::: SOURCE INFORMATION :::

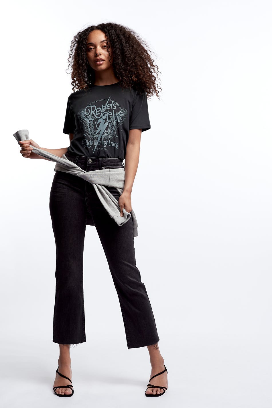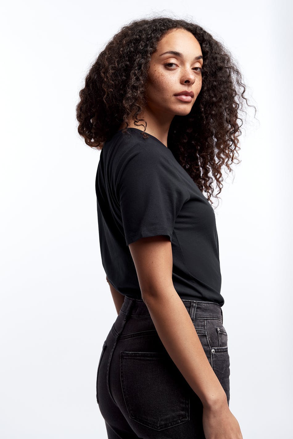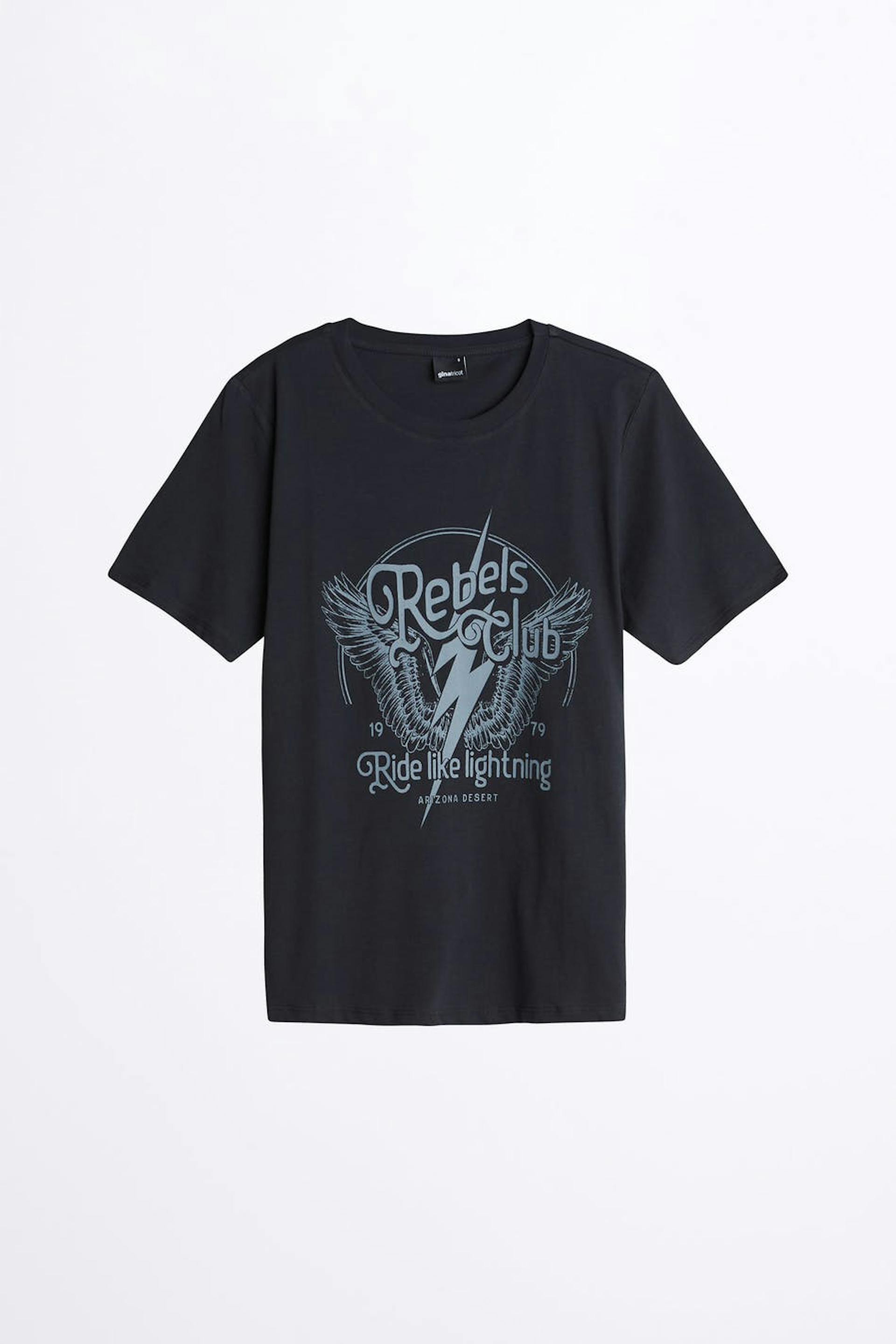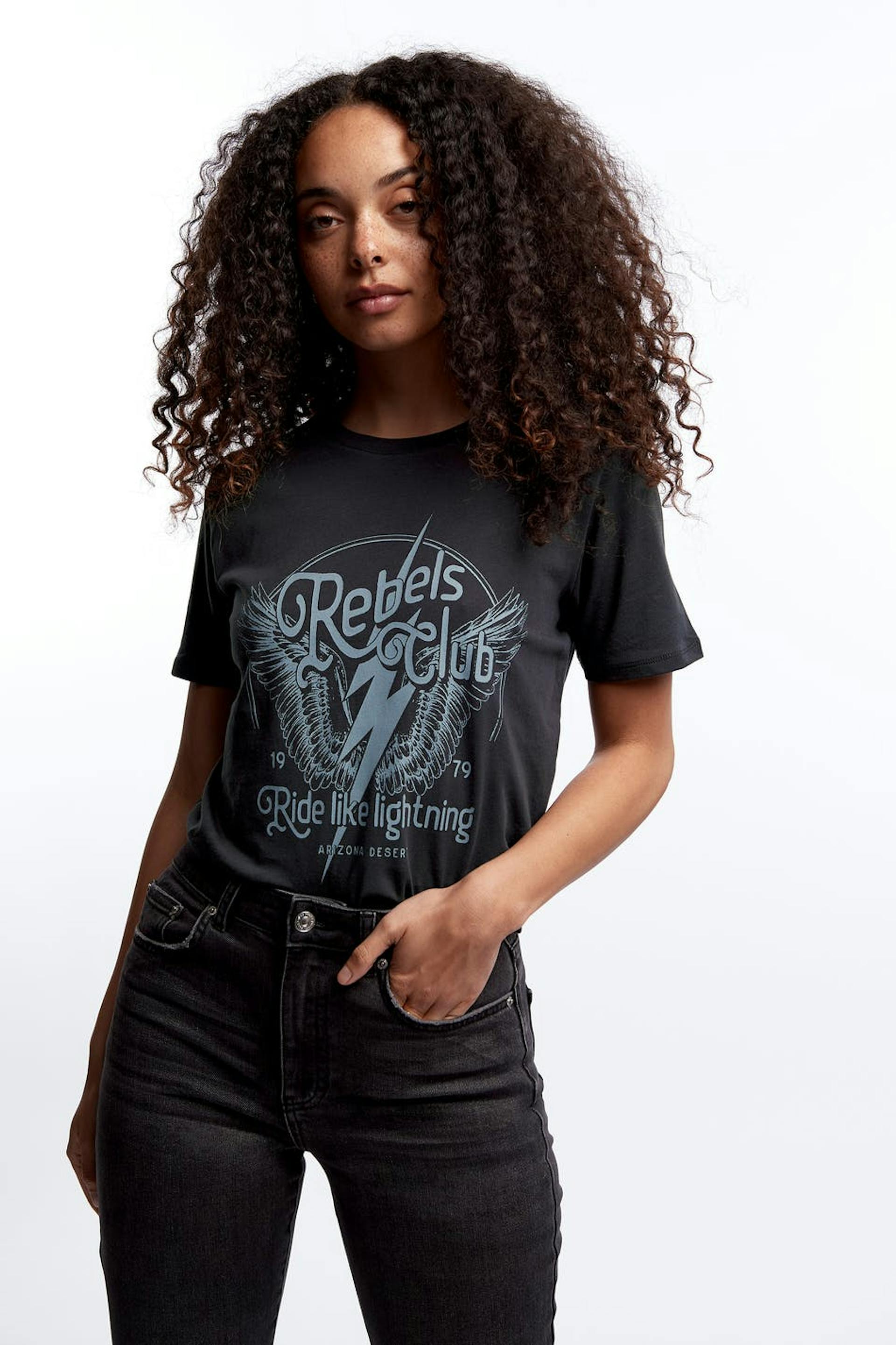 T-paita normaalilla leikkauksella. T-paita on musta ja siinä on veneen muotoinen kaula-aukko. Siinä on kapea ribbed mansetti ja printti edessä.
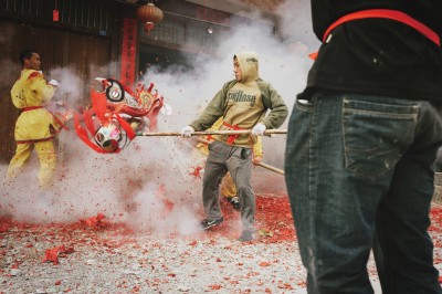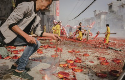 有时候一个不经意的巧合,成就了一张看似不一样的照片,处处充满了惊喜和不确定性,这就是我喜欢街头摄影的地方。 世界上有很多民族,各民族文化风土别具特色。在广西,这样的题材尤为丰富。小兵用自己特有的镜头语言致力于记录发生在他身边的、真实有趣的生活。这样的生活可能是美如画的地貌风景,这样的生活可能是街头集市的买卖,这样的风景可能是年节里一场热闹非凡的炮龙会。 小兵拍摄的民俗摄影强调真实性,画面内容所反映的民俗事物,是符合民俗真实和民俗规律形象的。但现实中的民俗事象,并非从任何角度、任何瞬间拍摄都能表达出它所固有的本质意义。这个民俗事象仅仅是饱含美好向往的生活吗?也许还不止这些。 所以用他自己的话说,“我觉得我拍到的,并不是炮龙本身。” Qa 护花小兵 摄影爱好者 Q:广西城市的街头拍摄,什么样的城市细节特别吸引你? A:我认为街头摄影中最吸引我的始终是“人”,其次才是他们所处的环境,我能做的就是用眼睛和相机,去记录这个场景中发生的一些有趣的瞬间,有时候一个普通的场景,一个很平常的动作,一个不经意的巧合,一个决定性的快门,成就了一张看似不一样的照片,处处充满了惊喜和不确定性,这就是我喜欢街头摄影的地方。 Q:炮龙的照片给人强烈的现场感,这是什么样的一个民俗活动? A:宾阳炮龙节是广西宾阳县独有的一种传统节日,是汉族、壮族文化融合共生的综合性民间节日。拍摄这组照片的同时,我觉得我体会到一种久违的“年味”。这是高岭镇的年初一炮龙会,场面非常热闹,而周边乡镇却逐渐冷清。很多人觉得现在过年年味越来越淡,普遍缺乏一种生活的仪式感,原本很多应该有的礼仪和仪式,在现如今变得越发随意,而这种随意,不都是从我们开始的吗?过年的仪式越来越精简,到最后连对过年的期许都精简掉了,才觉得丢了什么,唯一遗憾的是我因为有事在最热闹的时候回家了,其实烧得最厉害的时候,场面比图中厉害十倍都不止,其实说回来,遗憾并不算很大,因为我觉得拍到的,并不是炮龙本身。
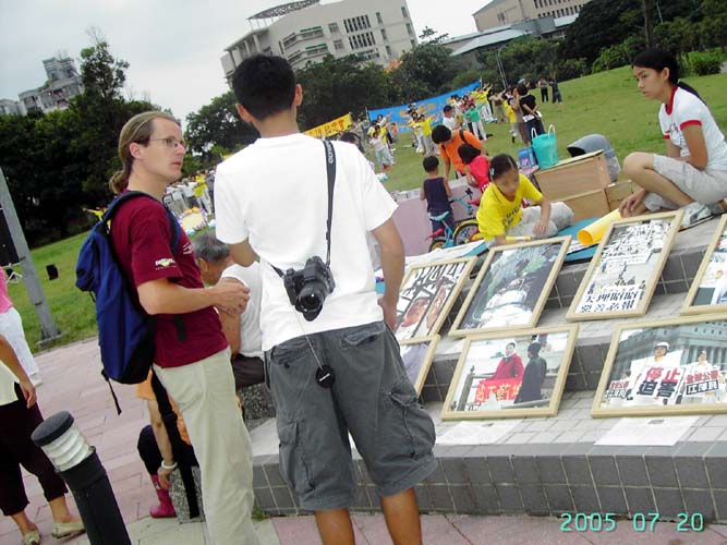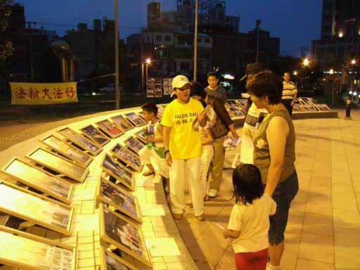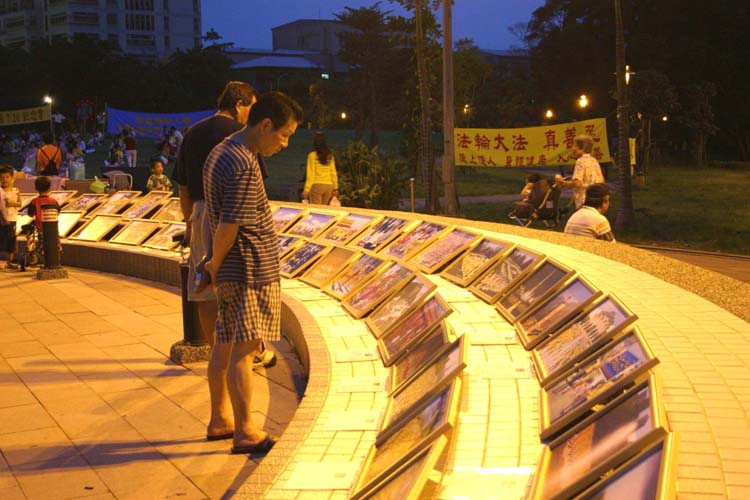 追悼会由下午四点开始的“法轮功真象摄影展”揭开序幕。许多来公园运动的民众,看到学员被迫害的真象照片,直喊真残酷;有些小朋友干脆就坐在相片前看得很专注;有些祖籍在大陆的老先生,看到法轮功洪传全世界的照片,不解的问:法轮功如果真的这么好,中共为什么要打压?在导览人员的解说下,他们明白了是因为共产党假恶斗的本质,容不下修炼真善忍的法轮功学员。
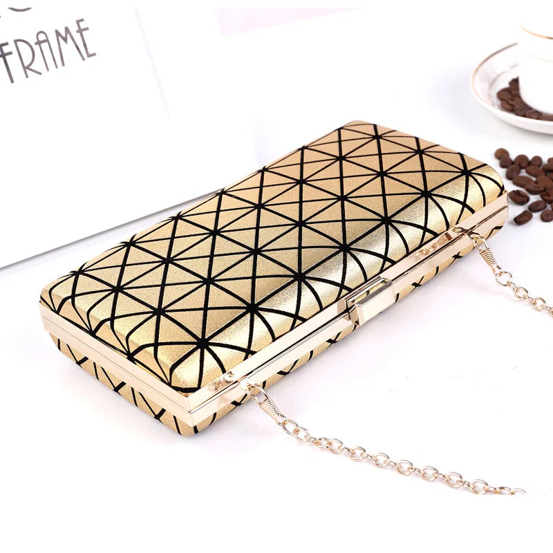 Elegant and stylish small evening bag with rhombic chain design. Perfect for special occasions.
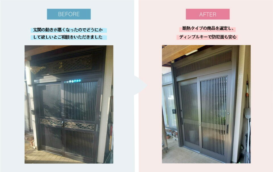 1DAYリフォーム商品のLIXIL リシェント玄関引戸2を採用。
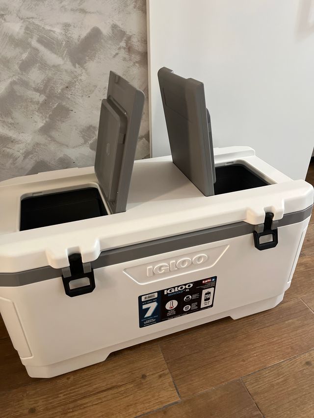 Detalles del productoNevera Igloo de color blanco con detalles grises. Perfecta para mantener tus bebidas y alimentos fríos.
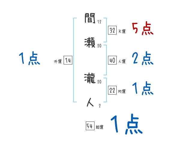 天運![]() | 間瀬瀧人さんの天運は32画の5つ星!柔軟性があり成功する。チャンスが多く金運が良い。 家系が持つ宿命的な運勢を表します。祖先から受け継いだ苗字ですので自分の力が及びません。家柄を象徴します。 |
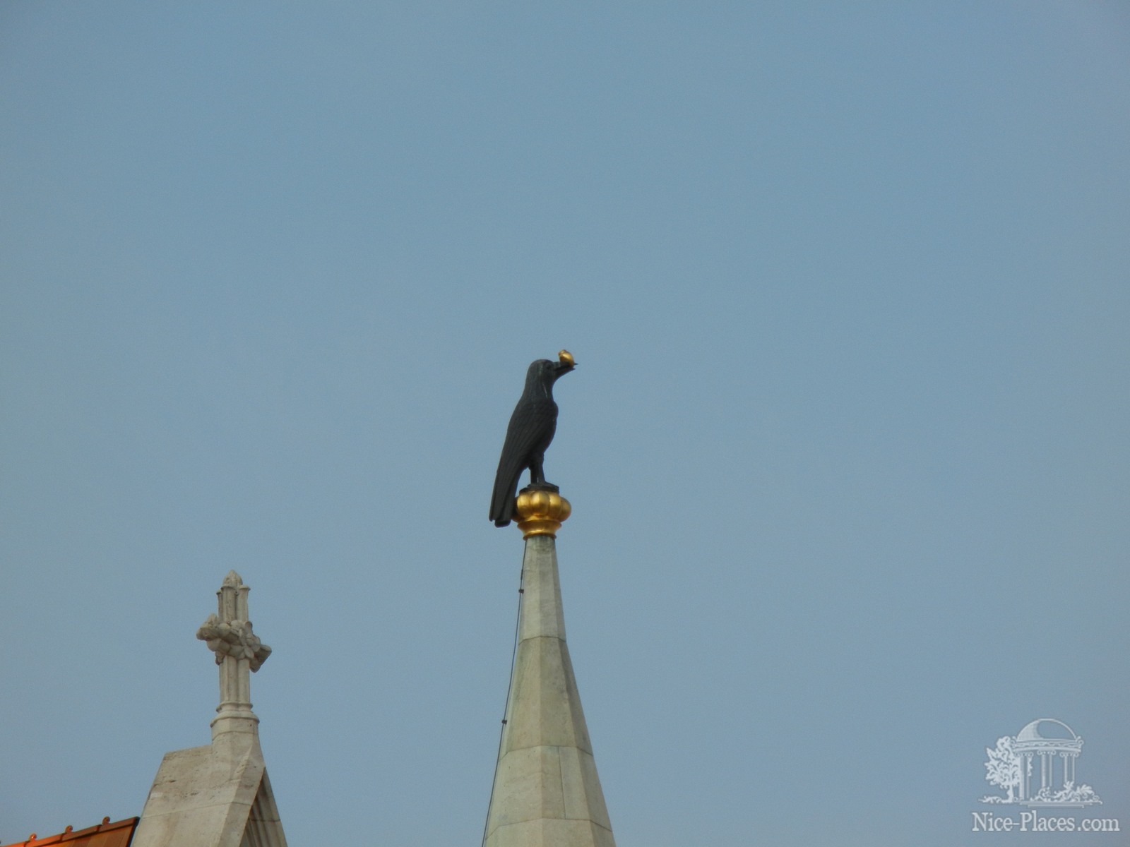 На южной колокольне можно заметить герб с изображением ворона с кольцом в клюве, также ворон сидит и на шпиле Церкви Св. Матяша. Эта птица — символ венгерского короля Матяша Корвина, в честь которого назван Собор. «Корвинус» с латыни переводится как «ворон». История появления этого загадочного символа наполнена легендами. Одна из них рассказывает такую историю.
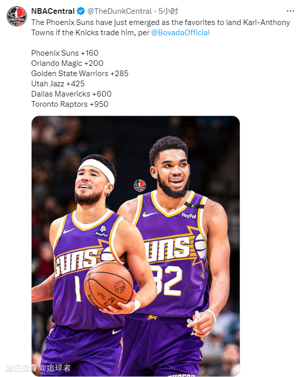 此前NBA记者Cris Davis报道,太阳想用杜兰特换来唐斯,他们对唐斯+布克的组合很感兴趣;尼克斯已经解雇了主教练锡伯杜,唐斯最新下家赔率出炉,太阳+160力压魔术和勇士排在第一位。
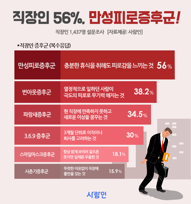[시사신문 / 임솔 기자] 구인구직 매칭플랫폼 사람인이 직장인 1,437명을 대상으로 ‘직장인 증후군’에 대해 조사한 결과, 직장인 절반 이상(56%, 복수응답)이 충분한 휴식을 취해도 피로감을 느끼는 ‘만성피로증후군’을 겪고 있는 것으로 조사됐다.
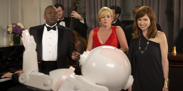 Si Krakowski, qui encore une fois hérite d’un rôle originellement joué par une autre actrice, a mis du temps à trouver ses marques dans 30 Rock, elle était son meilleur élément en fin de série. On se retrouve dans une situation assez similaire où les scénaristes n’ont pas encore trouvé un angle pour exploiter les talents de l’actrice sans la traiter comme une version légèrement plus réaliste de Jenna. La voir être jalouse d’un robot et essayer de l’enterrer était l’unique moment de la série où les scénaristes m’ont perdu. C’est en faire beaucoup trop avec peu de bon matériel.
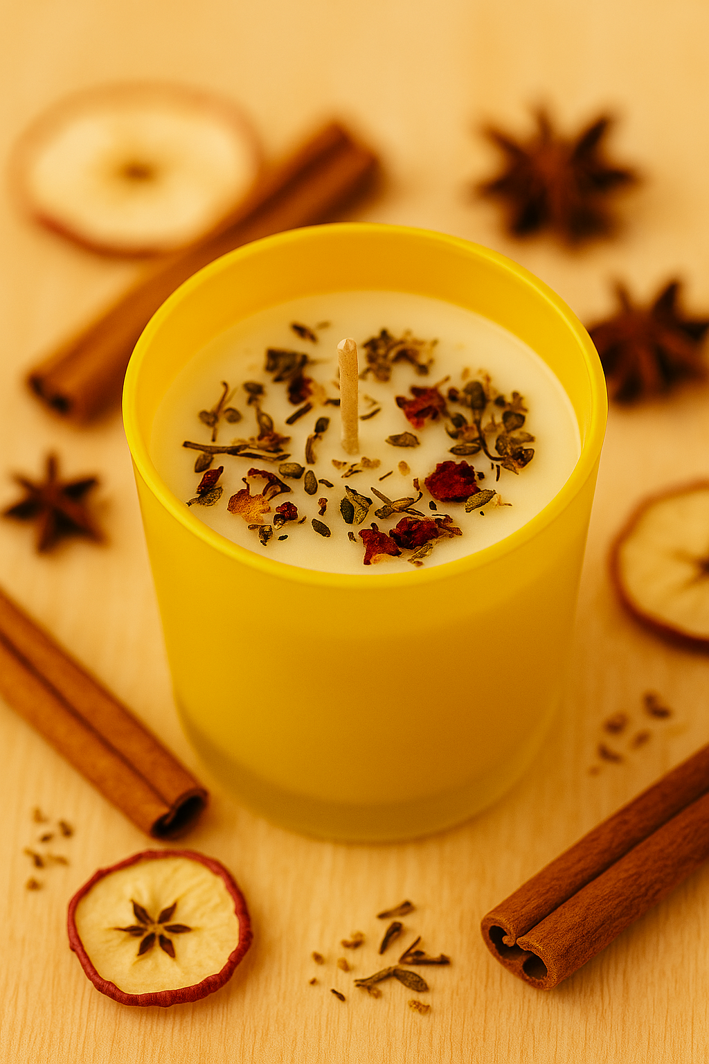 Ανακάλυψε την αρμονία της φύσης μέσα από αυτό το χειροποίητο κερί με βότανα. Κατασκευασμένο με φυσικό κερί σόγιας, τοποθετημένο σε κομψό κίτρινο γυάλινο ποτήρι, προσφέρει όχι μόνο άρωμα αλλά και ενεργειακή εξισορρόπηση. Η επιφάνειά του είναι διακοσμημένη με αποξηραμένα βότανα, όπως ροδοπέταλα, λεβάντα και φύλλα, που ενισχύουν την αίσθηση γείωσης, καθαρότητας και ηρεμίας.
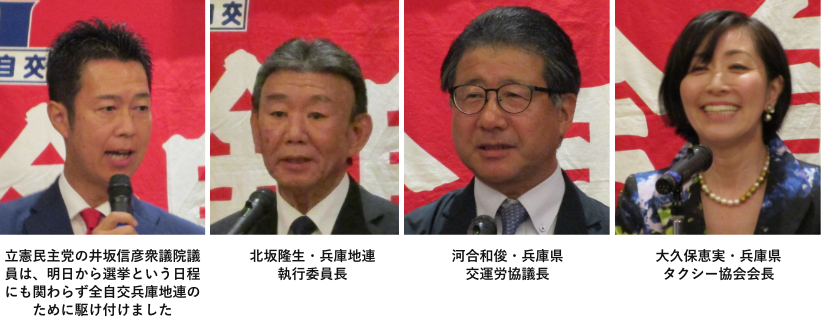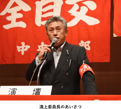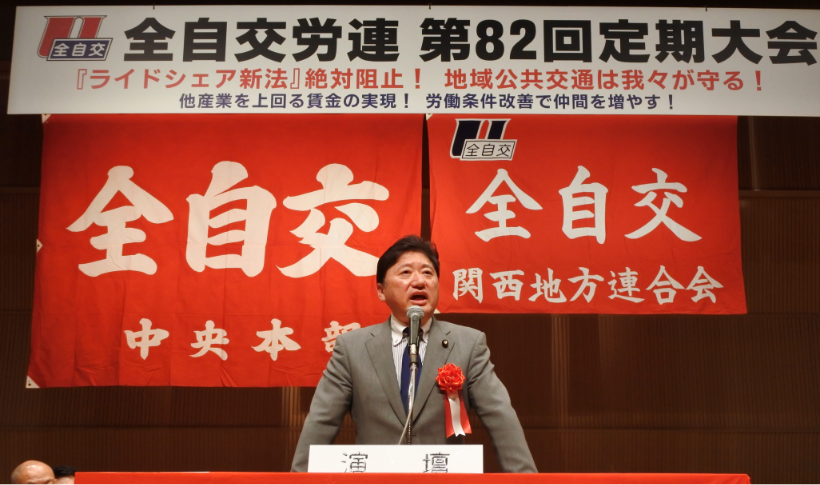 溝上泰央・中央執行委員長はライドシェア完全解禁によってハイタク産業は2002年の規制緩和を上回る崩壊の危機にさらされるとし、「我々が支持する立憲民主党による政権交代、これを実現することが、崩壊を阻止する最大の防護策である」と訴えました。
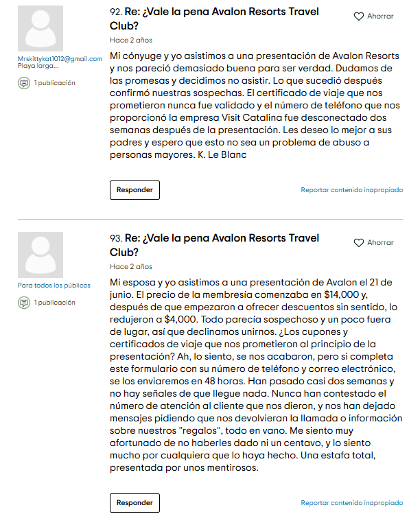 Investigando más, los orígenes de Avalon parecen estar vinculados a Michael K. Kelly, un nombre relacionado con Avalon Resorts Yucatán en México. A fines de los años 90, esta entidad se renombró como Avalon Vacation Resorts tras investigaciones en EE.UU. sobre fraude de valores y mal uso de fondos de inversionistas. No son precisamente antecedentes alentadores para una empresa que maneja miles de dólares de los consumidores.

:::

TASK STATEMENT >> Print, exactly, each line above from the one with "天運![]() | 間瀬瀧人さんの天運は32画の5つ星!柔軟性があり成功する。チャンスが多く金運が良い。" to the one with "Si Krakowski, qui", end lines included. Leave pictures out of it.

RESPONSE FOR THIS EXERCISE >>
 天運![]() | 間瀬瀧人さんの天運は32画の5つ星!柔軟性があり成功する。チャンスが多く金運が良い。 家系が持つ宿命的な運勢を表します。祖先から受け継いだ苗字ですので自分の力が及びません。家柄を象徴します。 |
 На южной колокольне можно заметить герб с изображением ворона с кольцом в клюве, также ворон сидит и на шпиле Церкви Св. Матяша. Эта птица — символ венгерского короля Матяша Корвина, в честь которого назван Собор. «Корвинус» с латыни переводится как «ворон». История появления этого загадочного символа наполнена легендами. Одна из них рассказывает такую историю.
 此前NBA记者Cris Davis报道,太阳想用杜兰特换来唐斯,他们对唐斯+布克的组合很感兴趣;尼克斯已经解雇了主教练锡伯杜,唐斯最新下家赔率出炉,太阳+160力压魔术和勇士排在第一位。
[시사신문 / 임솔 기자] 구인구직 매칭플랫폼 사람인이 직장인 1,437명을 대상으로 ‘직장인 증후군’에 대해 조사한 결과, 직장인 절반 이상(56%, 복수응답)이 충분한 휴식을 취해도 피로감을 느끼는 ‘만성피로증후군’을 겪고 있는 것으로 조사됐다.
 Si Krakowski, qui encore une fois hérite d’un rôle originellement joué par une autre actrice, a mis du temps à trouver ses marques dans 30 Rock, elle était son meilleur élément en fin de série. On se retrouve dans une situation assez similaire où les scénaristes n’ont pas encore trouvé un angle pour exploiter les talents de l’actrice sans la traiter comme une version légèrement plus réaliste de Jenna. La voir être jalouse d’un robot et essayer de l’enterrer était l’unique moment de la série où les scénaristes m’ont perdu. C’est en faire beaucoup trop avec peu de bon matériel.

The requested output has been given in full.